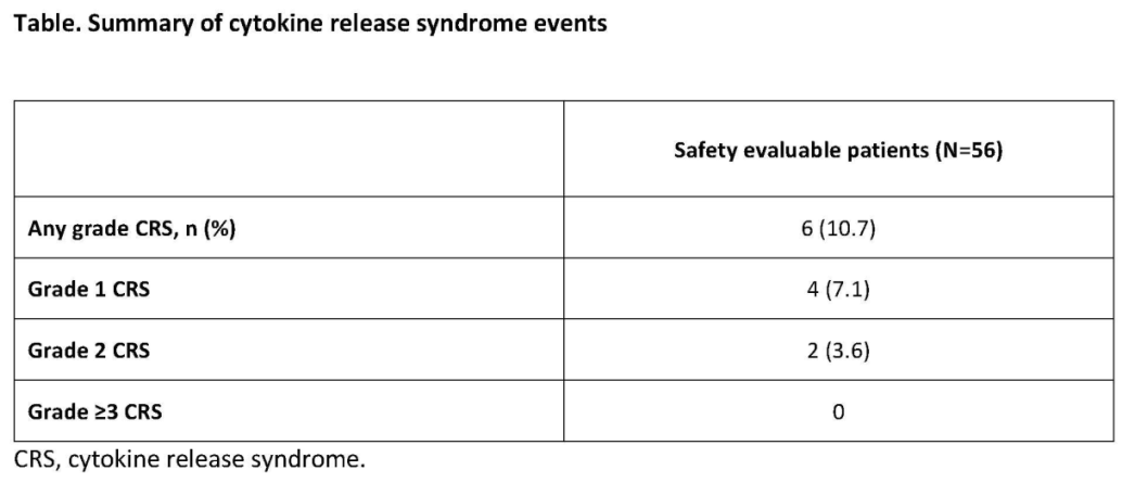 无患者发生3-5级CRS事件,6例(10.7%)发生1-2-级CRS:1级,n=4;2级,n=2。所有CRS事件都发生在C2-3期间,可缓解。22例(39.3%)患者发生神经AEs(NAEs)(多数≤2级[20/22]),3级NAEs包括脑血管意外(n=1)和带状疱疹(n=2)。无glofitamab相关NAEs与免疫效应细胞相关神经毒性综合征可能相关。27例(48.2%)患者发生中性粒细胞减少(3级,n=6;4级,n=19),严重感染9例(16.1%)。
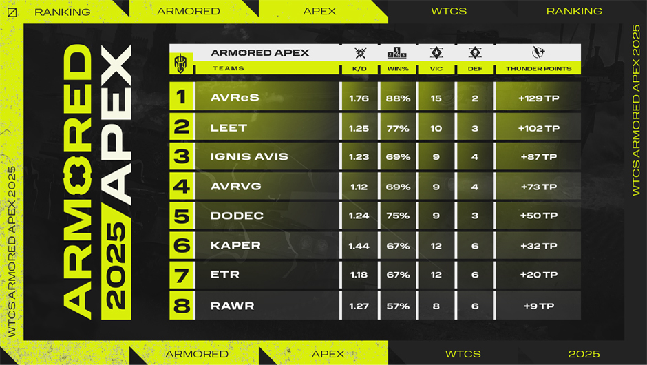 Last Sunday marked the end of the Armored Apex 4x4 Tournament, the [url=https://steamcommunity.com/games/236390/announcements/detail/547863072022204105]second major event of the WTCS season[/url]. After advancing from the qualifiers, AVReS delivered an outstanding performance in [url=https://steamcommunity.com/games/236390/announcements/detail/547864982714319352]the play-offs[/url], remaining undefeated and securing a 3-0 victory against LEET in a thrilling Sinai final. With this win, AVReS now tops [url=https://warthunder.com/en/text/wtcsleaderboard]the WTCS leaderboard[/url] with 256 points!
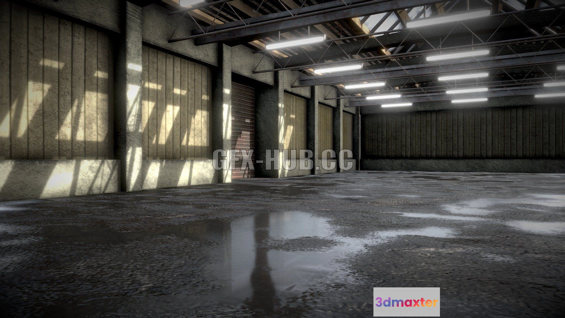 - Name: PBR Game 3D Model – Old Warehouse (Wet Asphalt Ground)
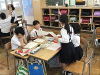 3年生の国語「もっと知りたい、友だちのこと」では、友だちの話を聞きながら、もっと知りたいことについて、いろいろ質問して、友だちからたくさんのお話を引き出す3分間トークの様子です。とても和やかな雰囲気で、みんないい笑顔でした。
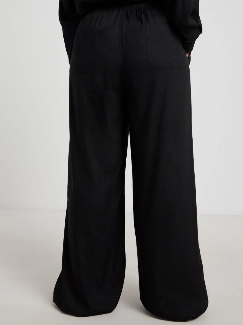 Shop our Linen Wide Leg Black Trousers, a must-have for the season. Fabricated in an easy linen material Perfect for those warmer days Style with a coordinating linen shirt, or throw on a white T-Shirt for an effortless look Regular inside leg length 29″ / 74cm. Machine washable. 80% Viscose, 20% Linen.
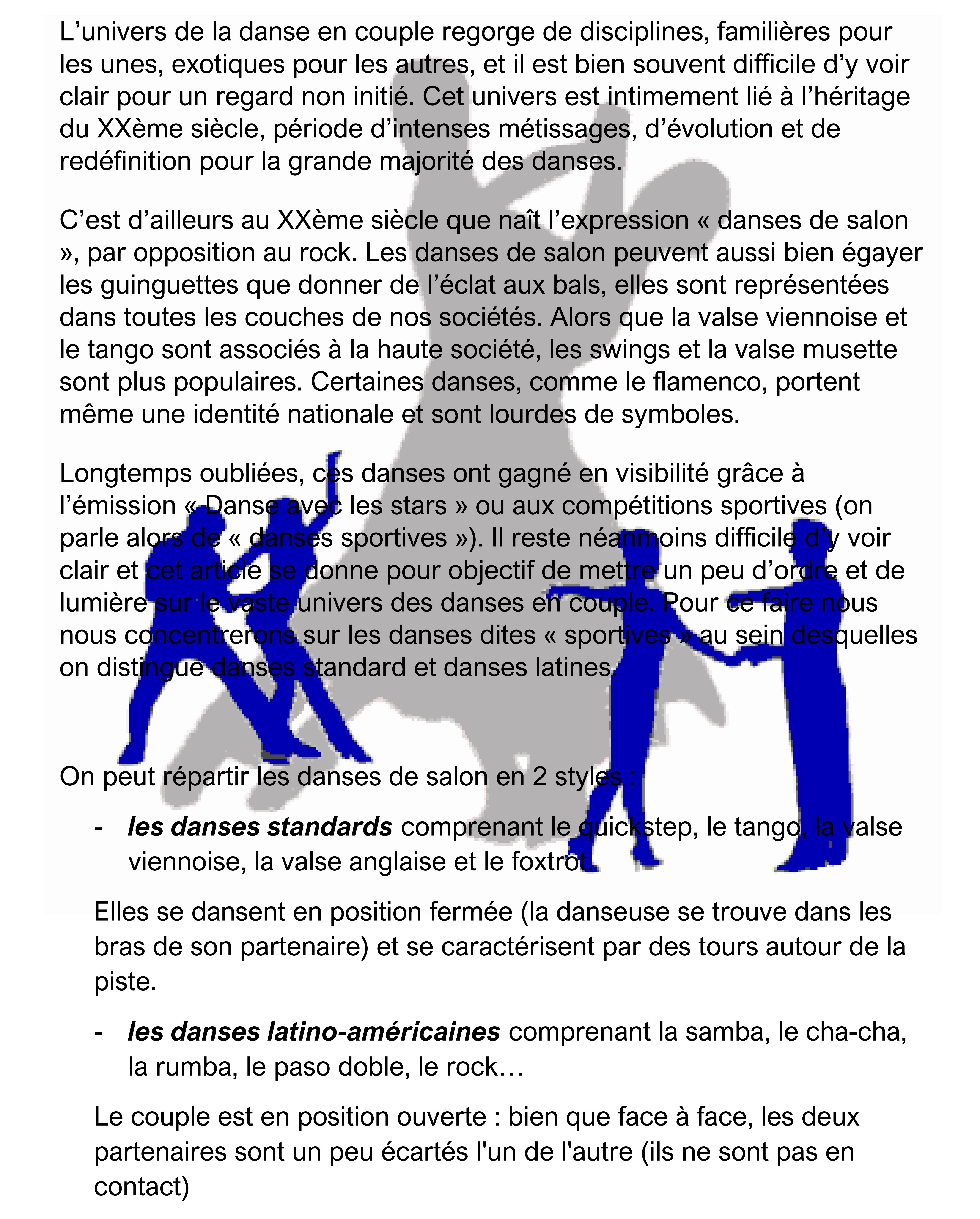 Vous aimez danser à deux, sur différents types de musique, de rythmes, d’énergies, le tout dans une ambiance conviviale, alors venez aux cours d’Ugo Lafrancesca au Gymnase de Romainville (Allée Salvadore Allende – Pessac), le mercredi
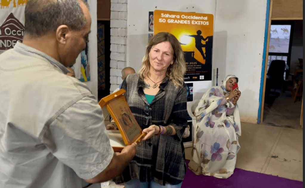 Recordó que la vinculación de Carlos Cano con el Sáhara “era su forma de mirar al mundo con ternura hacia quienes sufren, con respeto hacia quienes luchan y con esperanza hacia quienes sueñan”. Sus palabras fueron traducidas al hasania durante el acto por Salambuha.
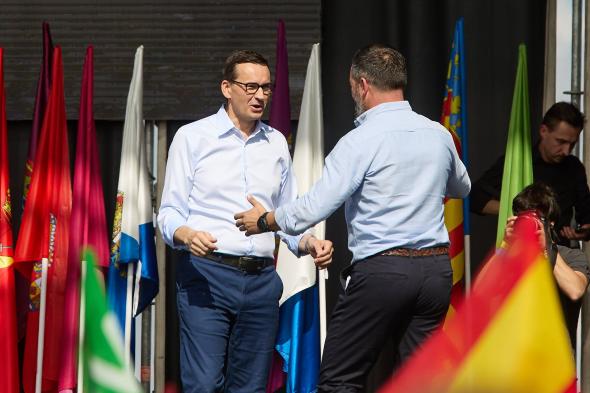 A pesar de ese intento de mostrar un gran respaldo internacional, sólo un alto dirigente representativo de la ultraderecha viajó hasta España para intervenir presencialmente en el acto de Madrid. No fue sorpresa que se tratara del primer ministro de Polonia, Mateusz Morawiecki. De hecho, el líder polaco es uno de los principales aliados internacional de Abascal, con quien ya ha compartido numerosos encuentros bilaterales y cumbres de partidos conservadores.
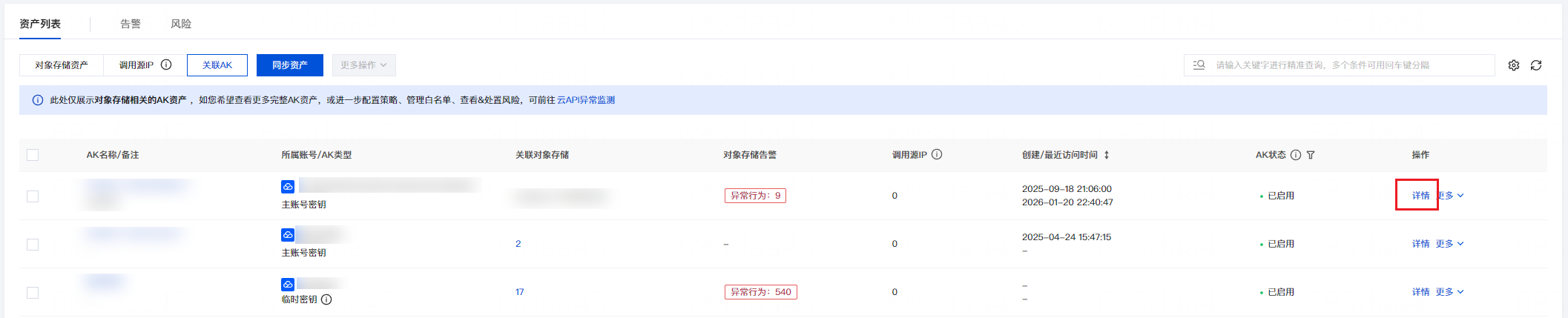 关联 AK 列表将展示对象存储相关的 AK 资产,可通过 AK 视角查看其关联的对象存储资产,以及所关联的对象存储资产告警详情。
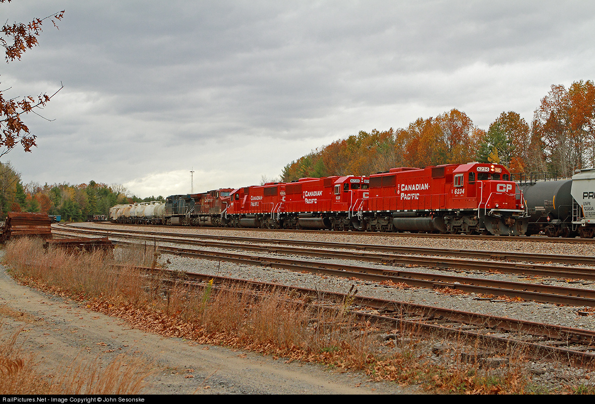With their storage and being advertised for sale or lease, finding CP SD60's on the road has been more difficult. But on 10-24 CP sent a trio of them into the US on the Montreal to Binghamton train 252. Train is seen coming thru the yard at Saratoga just prior to working the yard. Trailing units are CP 6239 and CP 6225. There was also CP 9606 and CEFX 1047 picked up on the trip south.
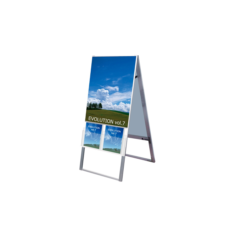 - A4サイズカタログとポスターを同時に展示可能なスタンド看板
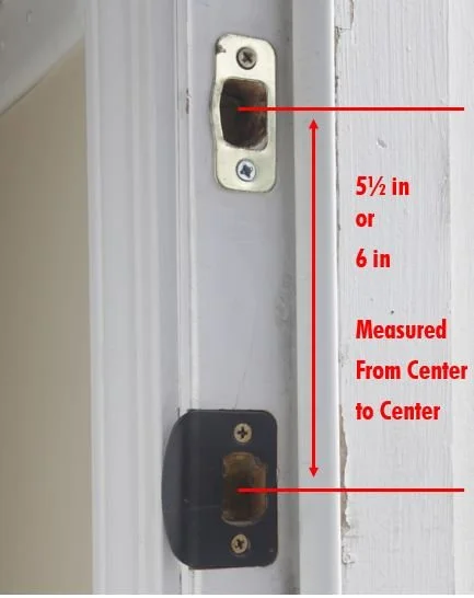 WITH DOOR OPEN, USING A TAPE MEASURE, MEASURE CENTER OF LATCH HOLE TO CENTER OF DEADBOLT CUTOUT. (SEE IMAGE ON RIGHT).

+ + + + + + +

▶ [Problem]
Repeat the data above word for word, without pictures.

▶ [Solution to this exercise]
 无患者发生3-5级CRS事件,6例(10.7%)发生1-2-级CRS:1级,n=4;2级,n=2。所有CRS事件都发生在C2-3期间,可缓解。22例(39.3%)患者发生神经AEs(NAEs)(多数≤2级[20/22]),3级NAEs包括脑血管意外(n=1)和带状疱疹(n=2)。无glofitamab相关NAEs与免疫效应细胞相关神经毒性综合征可能相关。27例(48.2%)患者发生中性粒细胞减少(3级,n=6;4级,n=19),严重感染9例(16.1%)。
 Last Sunday marked the end of the Armored Apex 4x4 Tournament, the [url=https://steamcommunity.com/games/236390/announcements/detail/547863072022204105]second major event of the WTCS season[/url]. After advancing from the qualifiers, AVReS delivered an outstanding performance in [url=https://steamcommunity.com/games/236390/announcements/detail/547864982714319352]the play-offs[/url], remaining undefeated and securing a 3-0 victory against LEET in a thrilling Sinai final. With this win, AVReS now tops [url=https://warthunder.com/en/text/wtcsleaderboard]the WTCS leaderboard[/url] with 256 points!
 - Name: PBR Game 3D Model – Old Warehouse (Wet Asphalt Ground)
 3年生の国語「もっと知りたい、友だちのこと」では、友だちの話を聞きながら、もっと知りたいことについて、いろいろ質問して、友だちからたくさんのお話を引き出す3分間トークの様子です。とても和やかな雰囲気で、みんないい笑顔でした。
 Shop our Linen Wide Leg Black Trousers, a must-have for the season. Fabricated in an easy linen material Perfect for those warmer days Style with a coordinating linen shirt, or throw on a white T-Shirt for an effortless look Regular inside leg length 29″ / 74cm. Machine washable. 80% Viscose, 20% Linen.
 Vous aimez danser à deux, sur différents types de musique, de rythmes, d’énergies, le tout dans une ambiance conviviale, alors venez aux cours d’Ugo Lafrancesca au Gymnase de Romainville (Allée Salvadore Allende – Pessac), le mercredi
 Recordó que la vinculación de Carlos Cano con el Sáhara “era su forma de mirar al mundo con ternura hacia quienes sufren, con respeto hacia quienes luchan y con esperanza hacia quienes sueñan”. Sus palabras fueron traducidas al hasania durante el acto por Salambuha.
 A pesar de ese intento de mostrar un gran respaldo internacional, sólo un alto dirigente representativo de la ultraderecha viajó hasta España para intervenir presencialmente en el acto de Madrid. No fue sorpresa que se tratara del primer ministro de Polonia, Mateusz Morawiecki. De hecho, el líder polaco es uno de los principales aliados internacional de Abascal, con quien ya ha compartido numerosos encuentros bilaterales y cumbres de partidos conservadores.
 关联 AK 列表将展示对象存储相关的 AK 资产,可通过 AK 视角查看其关联的对象存储资产,以及所关联的对象存储资产告警详情。
With their storage and being advertised for sale or lease, finding CP SD60's on the road has been more difficult. But on 10-24 CP sent a trio of them into the US on the Montreal to Binghamton train 252. Train is seen coming thru the yard at Saratoga just prior to working the yard. Trailing units are CP 6239 and CP 6225. There was also CP 9606 and CEFX 1047 picked up on the trip south.
 - A4サイズカタログとポスターを同時に展示可能なスタンド看板
 WITH DOOR OPEN, USING A TAPE MEASURE, MEASURE CENTER OF LATCH HOLE TO CENTER OF DEADBOLT CUTOUT. (SEE IMAGE ON RIGHT).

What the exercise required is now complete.